To solve the problem, we need to analyze the function \( f(x) = \int_{-2}^{x} (t^4 - bt^3 + (b+1)t^2 - bt + b) \, dt \) and determine the conditions under which this function is strictly increasing. ### Step-by-Step Solution: 1. **Understanding Strictly Increasing Function**: A function \( f(x) \) is strictly increasing if its derivative \( f'(x) > 0 \) for all \( x \in \mathbb{R} \). 2. **Using the Leibniz Rule**: To find \( f'(x) \), we apply the Leibniz rule for differentiation under the integral sign: \[ f'(x) = \frac{d}{dx} \int_{-2}^{x} (t^4 - bt^3 + (b+1)t^2 - bt + b) \, dt = (x^4 - bx^3 + (b+1)x^2 - bx + b) \] 3. **Setting the Derivative Greater Than Zero**: We need to ensure that: \[ x^4 - bx^3 + (b+1)x^2 - bx + b > 0 \quad \forall x \in \mathbb{R} \] 4. **Analyzing the Polynomial**: The expression can be rearranged as: \[ x^4 + (1-b)x^2 + b - bx^3 - bx > 0 \] We can factor out the common terms: \[ = x^2(x^2 + 1) - bx(x^2 + 1) + b \] This simplifies to: \[ (x^2 - bx + b)(x^2 + 1) > 0 \] 5. **Finding Conditions for Positivity**: Since \( x^2 + 1 > 0 \) for all \( x \), we only need to ensure: \[ x^2 - bx + b > 0 \quad \forall x \in \mathbb{R} \] This is a quadratic in \( x \), and for it to be positive for all \( x \), its discriminant must be less than zero: \[ D = b^2 - 4b < 0 \] Simplifying gives: \[ b(b - 4) < 0 \] 6. **Finding the Range of \( b \)**: The inequality \( b(b - 4) < 0 \) implies: - \( b < 0 \) or \( b > 4 \) gives positive values. - \( 0 < b < 4 \) gives negative values.
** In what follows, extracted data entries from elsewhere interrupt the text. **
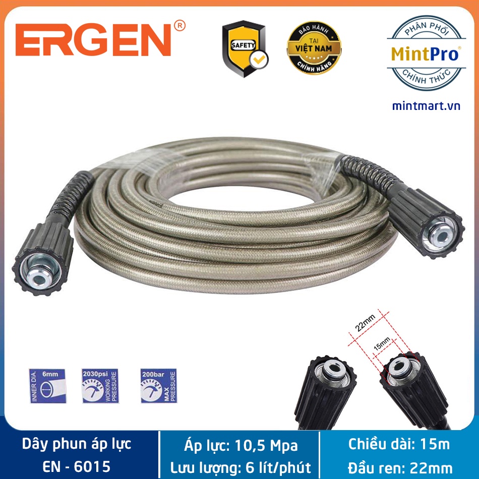 Dây phun áp lực Ergen cho máy rửa xe là phụ kiện đi kèm chuyên dụng cho các dòng máy rửa xe hiện có trên thị trường có đầu kết nối là ren 22mm tiêu chuẩn.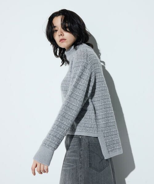 モヘアブレンドヤーンが"直接肌に触れない"裏側に出る様に編む事で、首回りのチクチク感を軽減しています。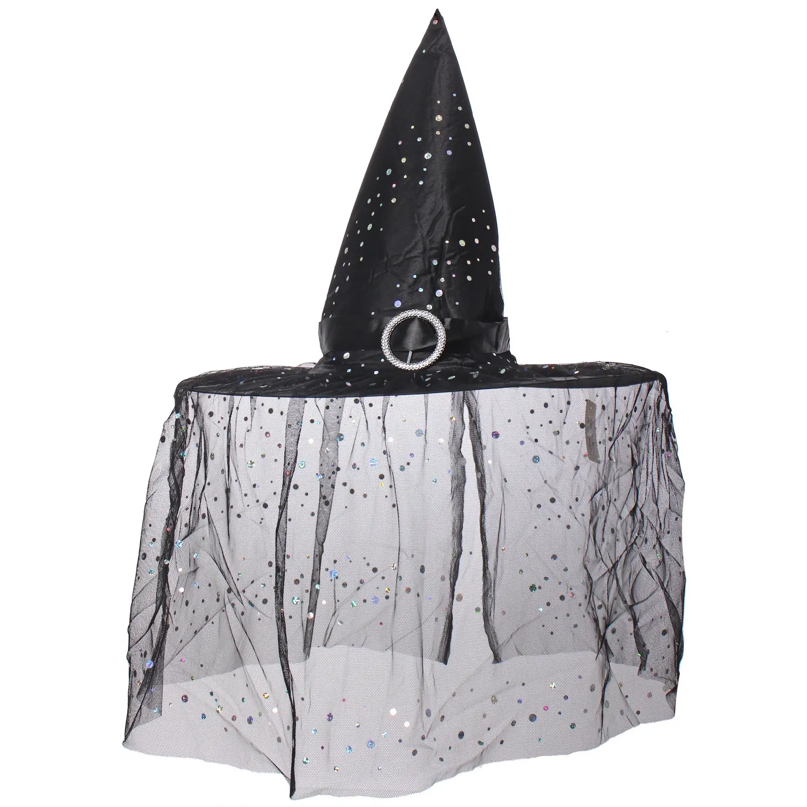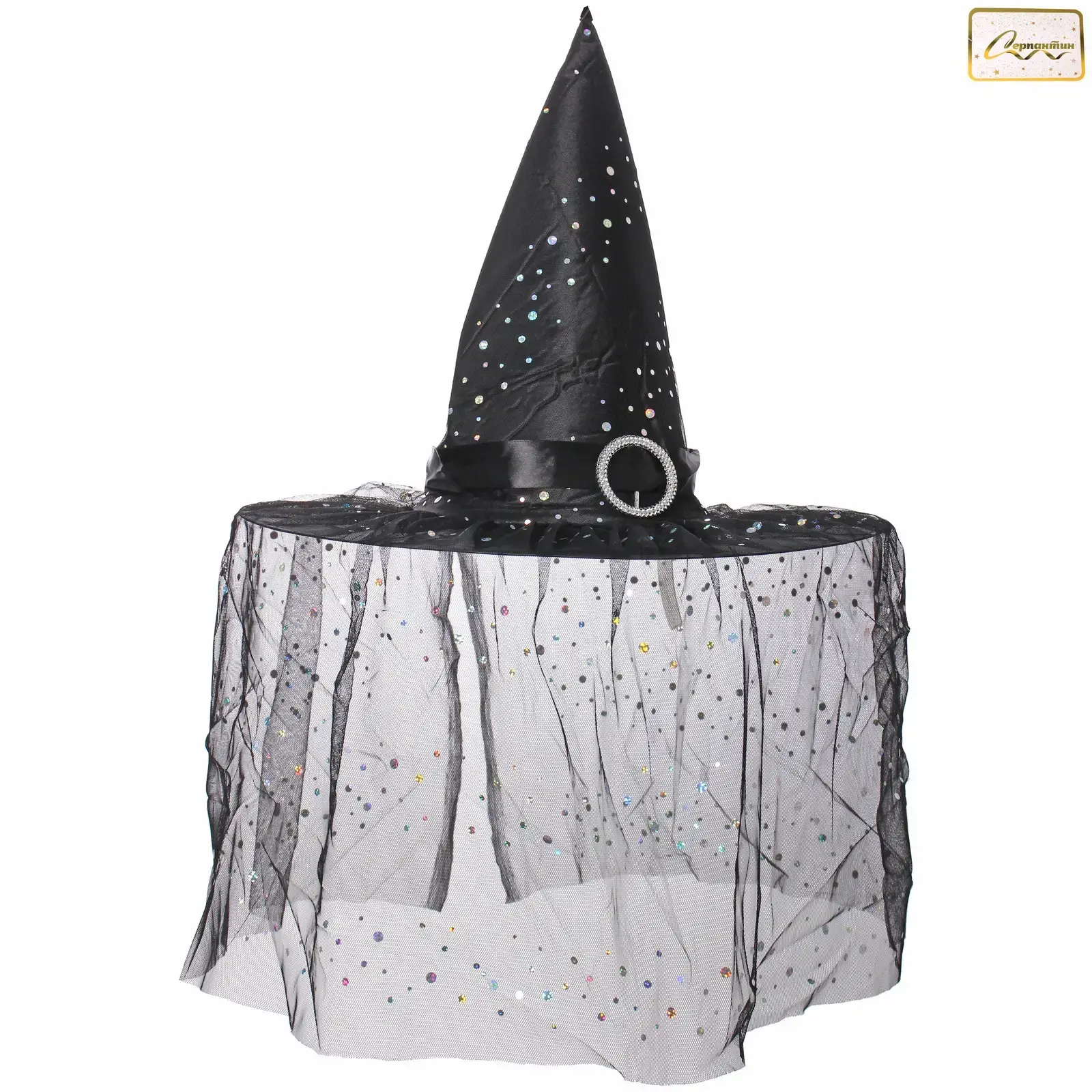 Шляпа имеет конусообразную форму с длинным верхом и широкими полями, что делает её характерной для ведьминских аксессуаров. Прозрачная юбка, украшенная блестками, добавляет шляпе легкости и воздушности. Размеры шляпы не указаны, но она предназначена для взрослого человека. Материалы, использованные в производстве, включают текстиль и синтетические компоненты, что обеспечивает долговечность и привлекательный внешний вид.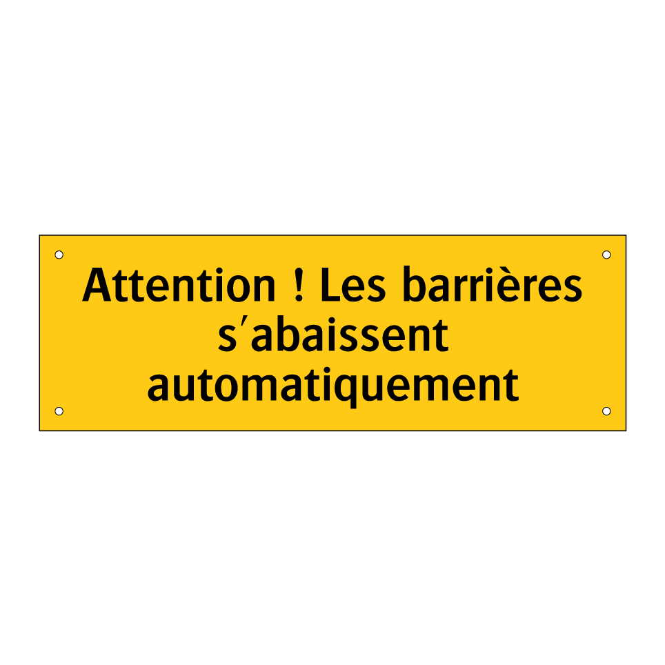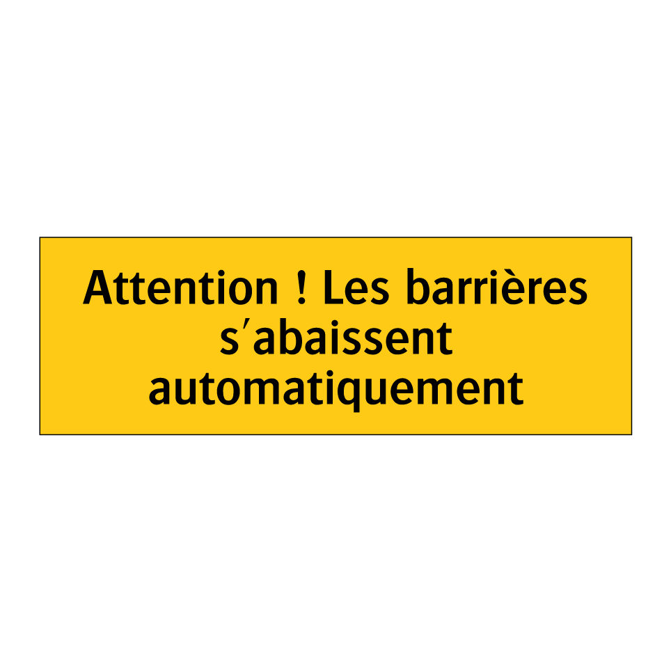 Panneau d'avertissement avec le texte : "Attention ! Les barrières s'abaissent automatiquement"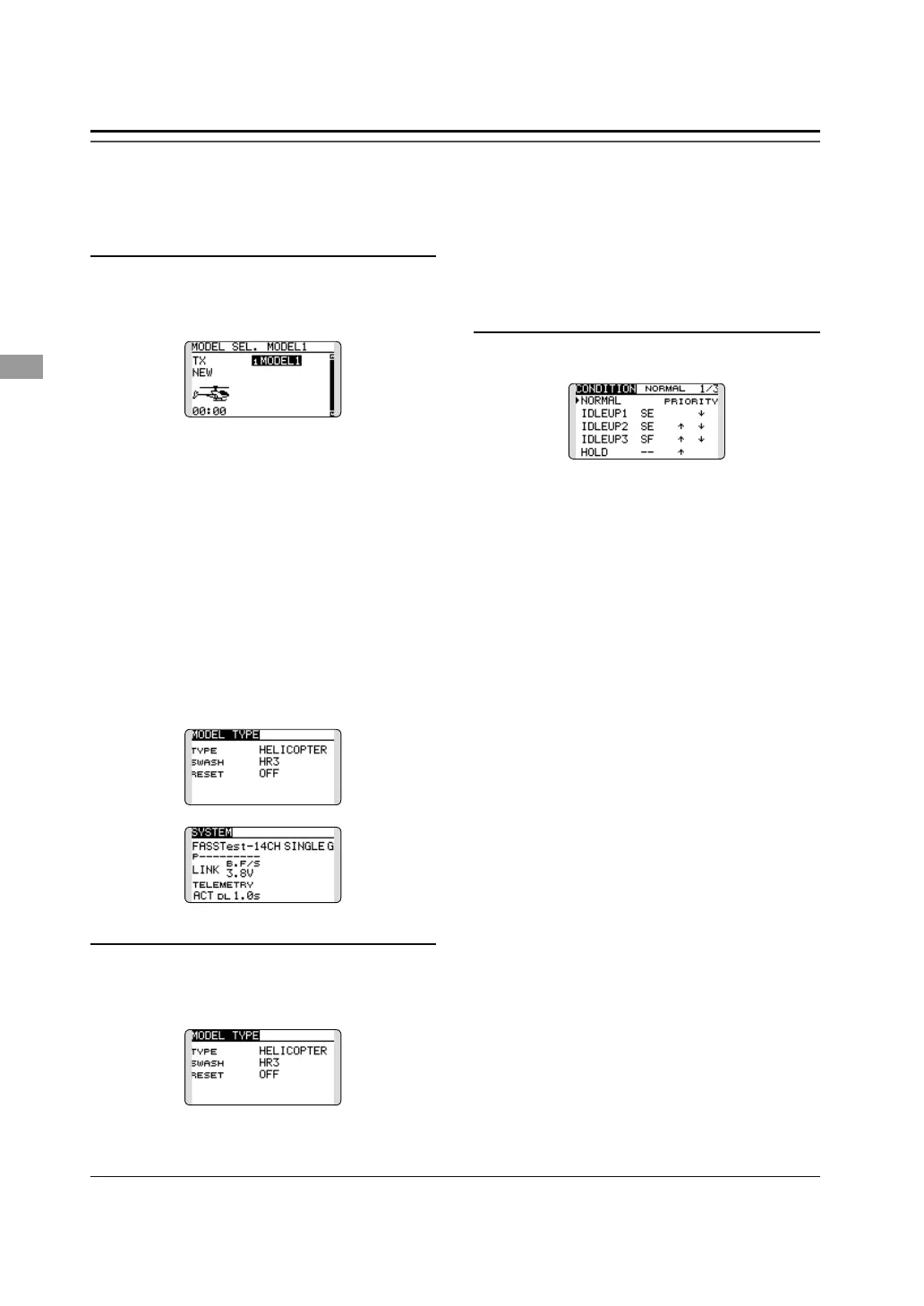 This section outlines examples of use of the helicopter functions of the T14SG. Adjust the actual values,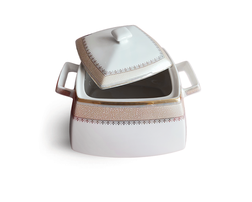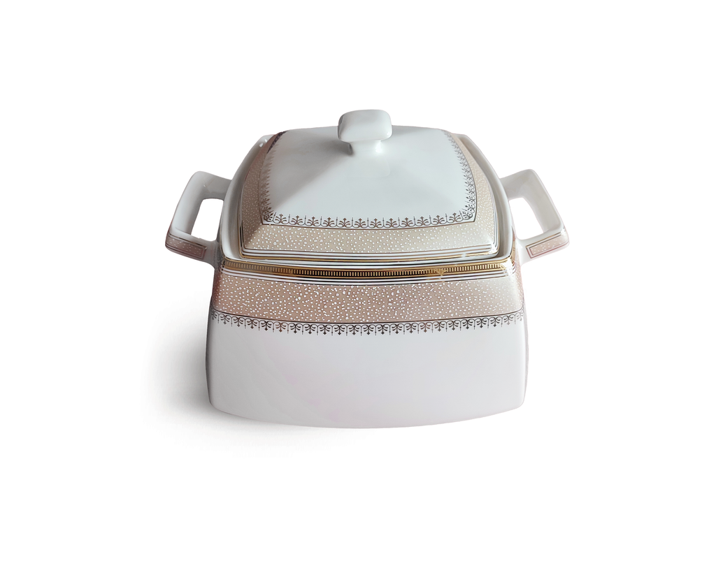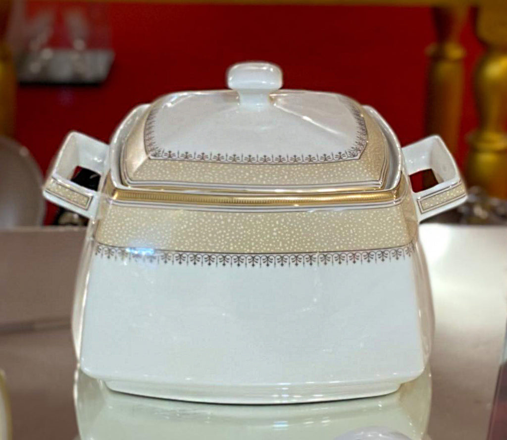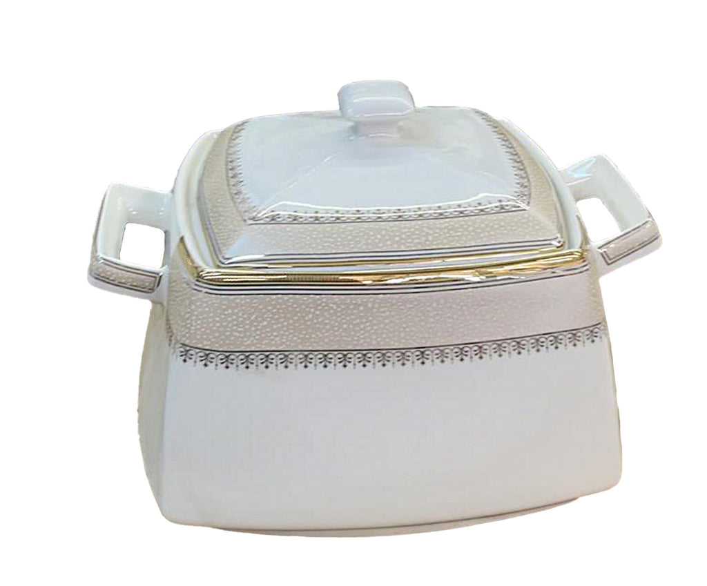 Supiera din portelan de inalta calitate, cu o capacitate de 3L. Cu un design interesant, modern, aceasta pastreaza totdata eleganta portelanului alb. Incapatoare si cu un capac practic, aceasta se poate curata cu usurinta in masina de spalat vase, si poate fi introdusa in cuptorul cu microunde.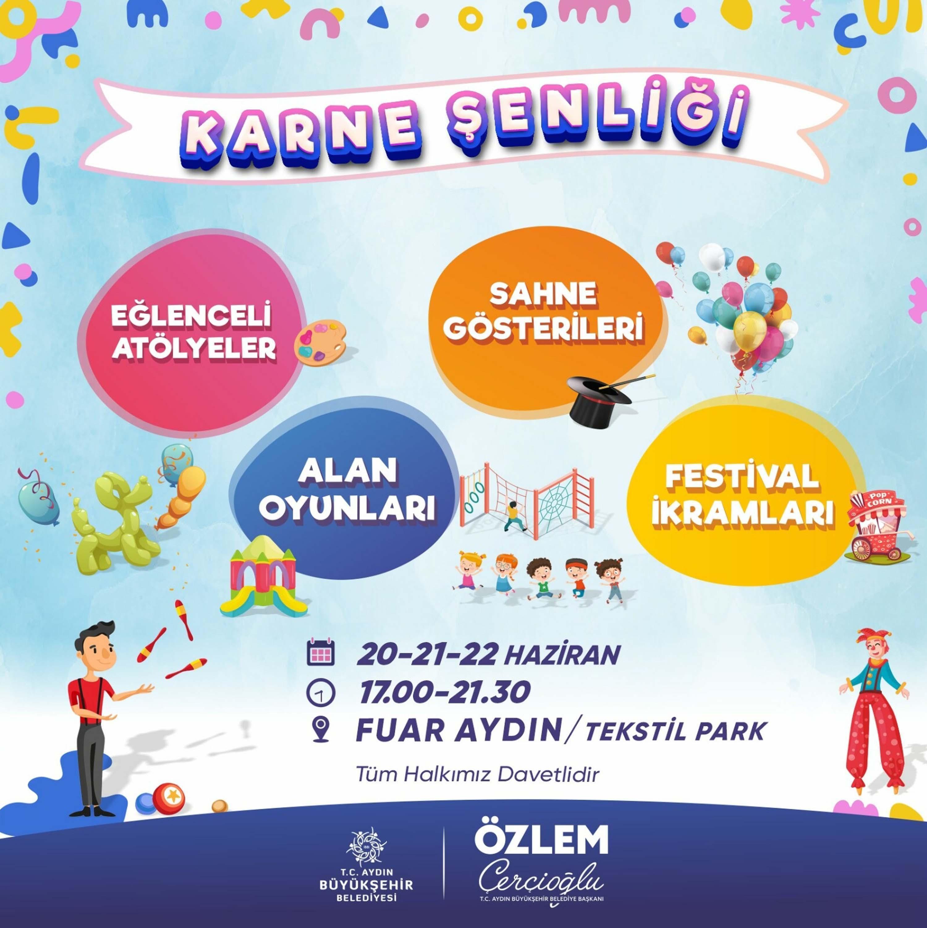 AYDIN, (DHA)-AYDIN Büyükşehir Belediyesi, 2024-2025 eğitim öğretim yılının sona ermesiyle birlikte çocuklar için Karne Şenliği düzenleyecek. Tekstil Park'ta yapılacak etkinlikler 20-22 Haziran tarihleri arasında gerçekleştirilecek.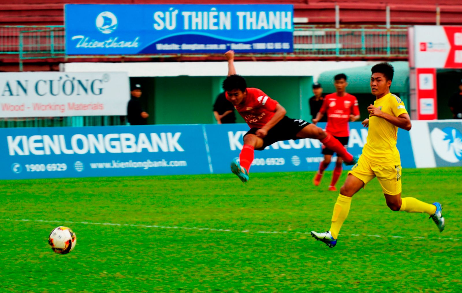 Một pha tấn công dũng mãnh của Phan Tấn Tài (áo đỏ) nhưng cú sút của tiền đạo số 24 không thành bàn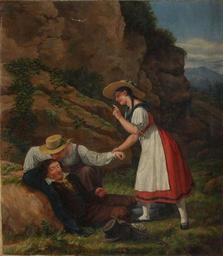 Keywords: Adam August Müller - Sovende mand overvåget af to unge piger.jpg Adam August Müller 1811-1844 da Sovende mand overvåget af to unge piger 1828 oil canvas cm 32 5 28 5 object history credit line accession number http //www arcadja com/auctions/en/m 25C3 25BCller_adam/artist/20637/ Bruun Rasmussen via ARCADJA auction results PD-old-auto-1923 1844 Adam August Müller 1828 paintings Paintings of sleeping people |

Thus, \( b \) must lie in the interval: \[ 0 < b < 4 \] 7. **Counting the Integer Values**: The integers in the range \( (0, 4) \) are \( 1, 2, 3 \). Therefore, there are **3 integers** in this range. ### Final Answer: The number of integers in the range of \( b \) is **3**.